┌────────

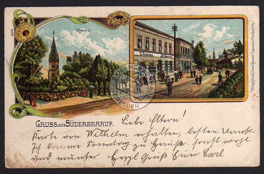 Ansichtskarte Süderbrarup Kirche C. Franzen 1904, gelaufen 1904
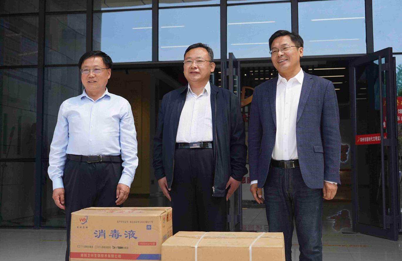 会上,庞渝、杨俊峰共同为学校新时代文明实践服务基地揭牌,并向邓州市新时代文明实践中心捐赠了防疫物资。
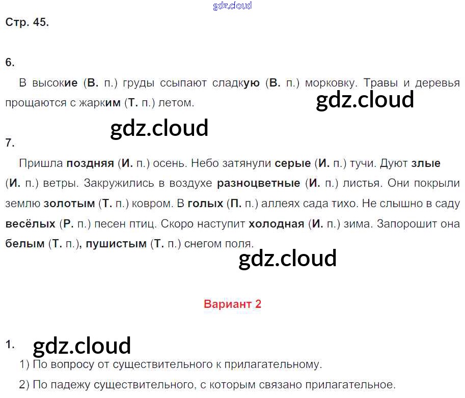 Ответ на задание 45 Контрольные работы Русский язык за 4 (четвертый) класс Крылова УМК 2015 Часть 1, 2

└────────

_Instructions for the task_
The lines from the one containing "会上,庞渝、杨俊峰共同为学校" through the final line of the data are to be repeated exactly, with both ends included and all pictures left out.

_Answer section_
 会上,庞渝、杨俊峰共同为学校新时代文明实践服务基地揭牌,并向邓州市新时代文明实践中心捐赠了防疫物资。
 Ответ на задание 45 Контрольные работы Русский язык за 4 (четвертый) класс Крылова УМК 2015 Часть 1, 2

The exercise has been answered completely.